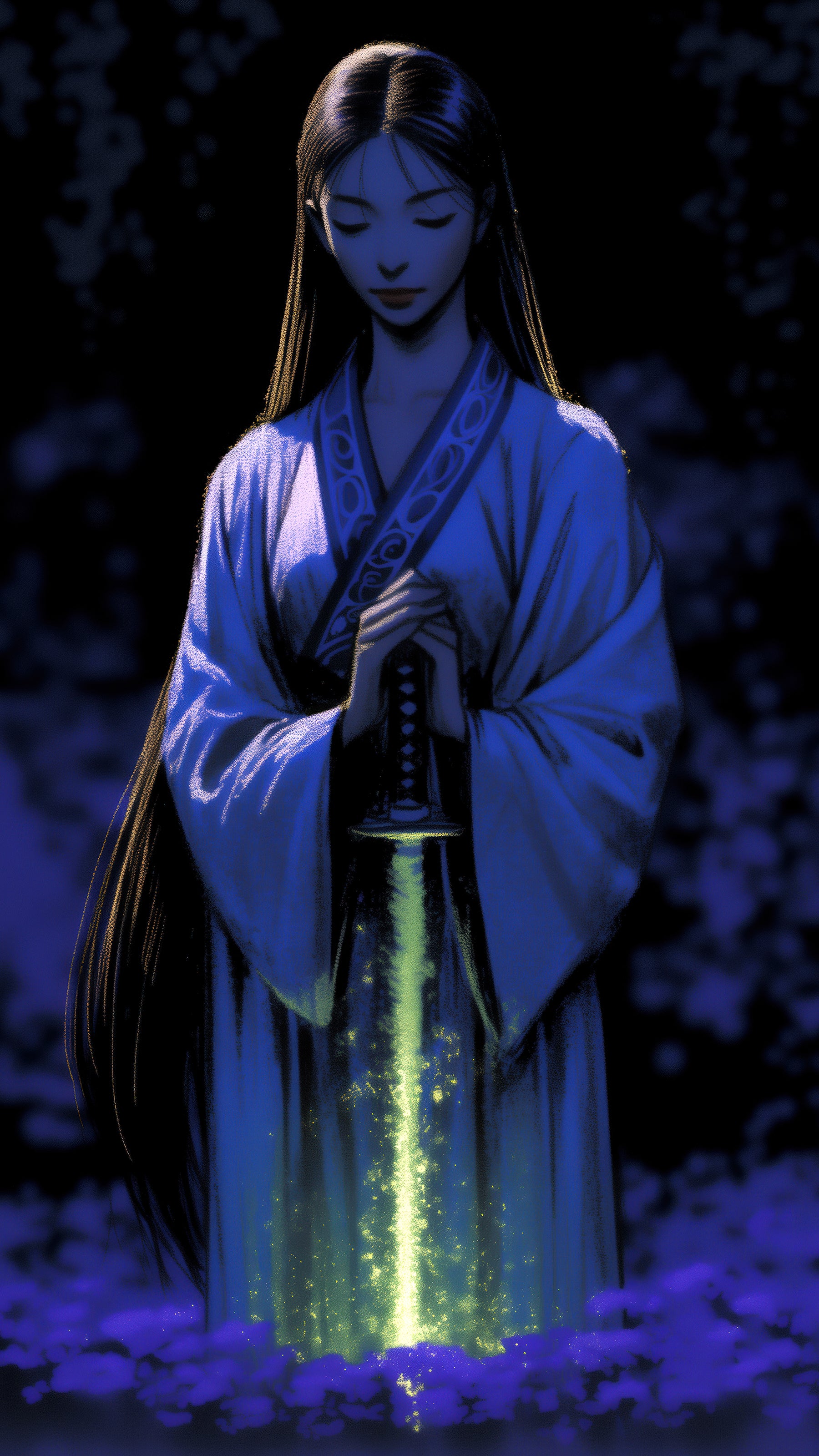 The sword in her hands does not thirst for blood. It hums with older things: roots and vows, silence and soil. She is not alone, though no one ever finds her. She is held by the land, and in turn, she holds it.
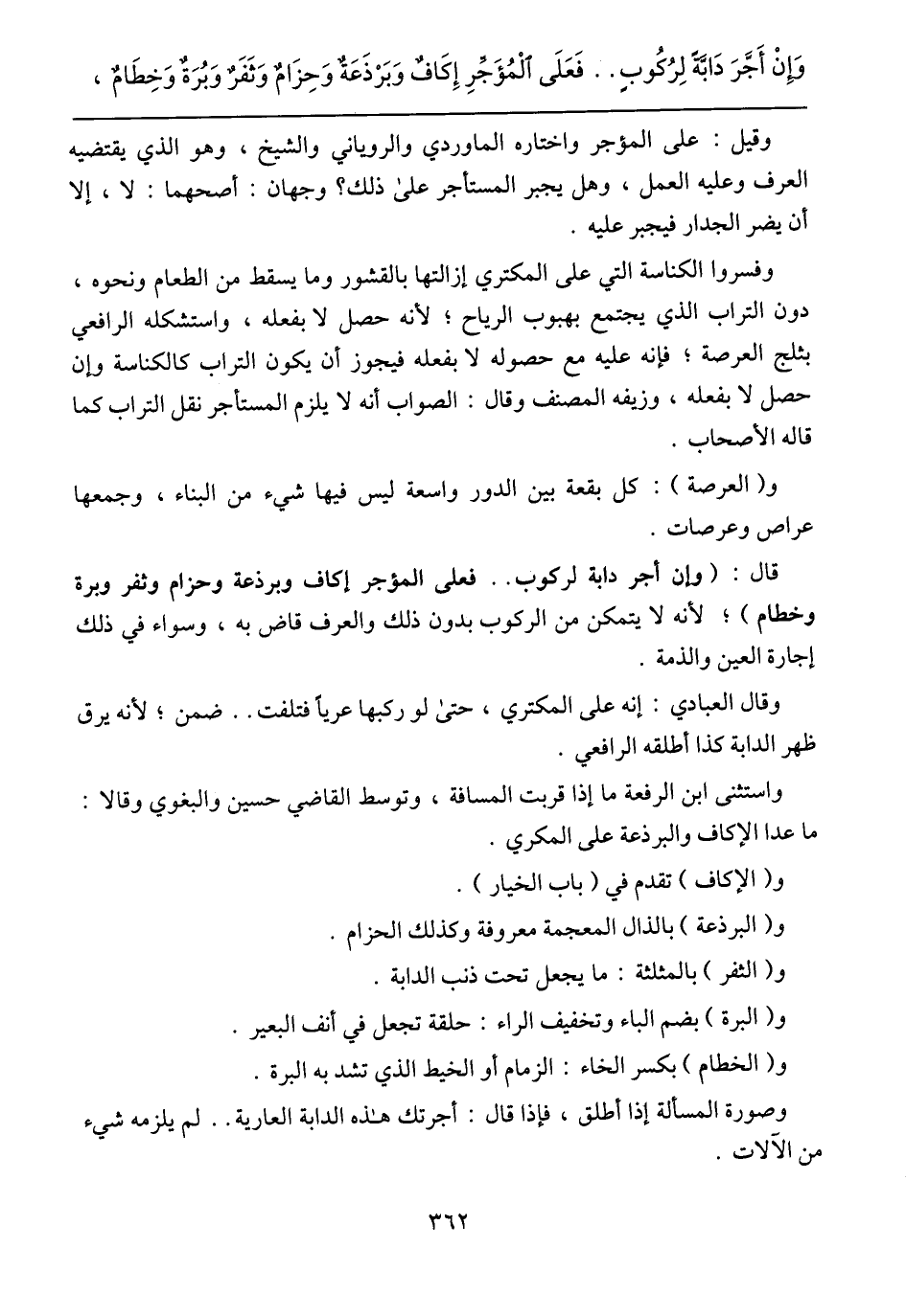 واستثنى ابن الرفعة ما إذا قربت المسافة، وتوسط القاضي حسين والبغوي وقالا: ما عدا الإكاف والبرذعة على المكري.
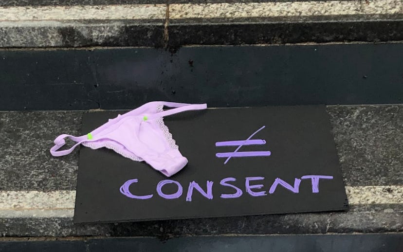 Women in Ireland have funneled their outrage at a sexist court decision into a social media campaign, #ThisIsNotConsent. BuzzFeed News reports that in a recent rape trial in Ireland, a lawyer held up the underwear worn by a 17-year-old girl as an argument to prove consent. "You have to look at the way she was dressed," lawyer Elizabeth O'Connell said. "She was wearing a thong with a lace front." Her alleged rapist, a 27-year-old man, was found not guilty.

:::

PROBLEM STATEMENT: Only the lines starting at the one that holds "واستثنى ابن الرفعة" and ending at the last line of the data belong in your answer. Please set them down exactly and omit the pictures.

SOLUTION FOR THIS PROBLEM:
 واستثنى ابن الرفعة ما إذا قربت المسافة، وتوسط القاضي حسين والبغوي وقالا: ما عدا الإكاف والبرذعة على المكري.
 Women in Ireland have funneled their outrage at a sexist court decision into a social media campaign, #ThisIsNotConsent. BuzzFeed News reports that in a recent rape trial in Ireland, a lawyer held up the underwear worn by a 17-year-old girl as an argument to prove consent. "You have to look at the way she was dressed," lawyer Elizabeth O'Connell said. "She was wearing a thong with a lace front." Her alleged rapist, a 27-year-old man, was found not guilty.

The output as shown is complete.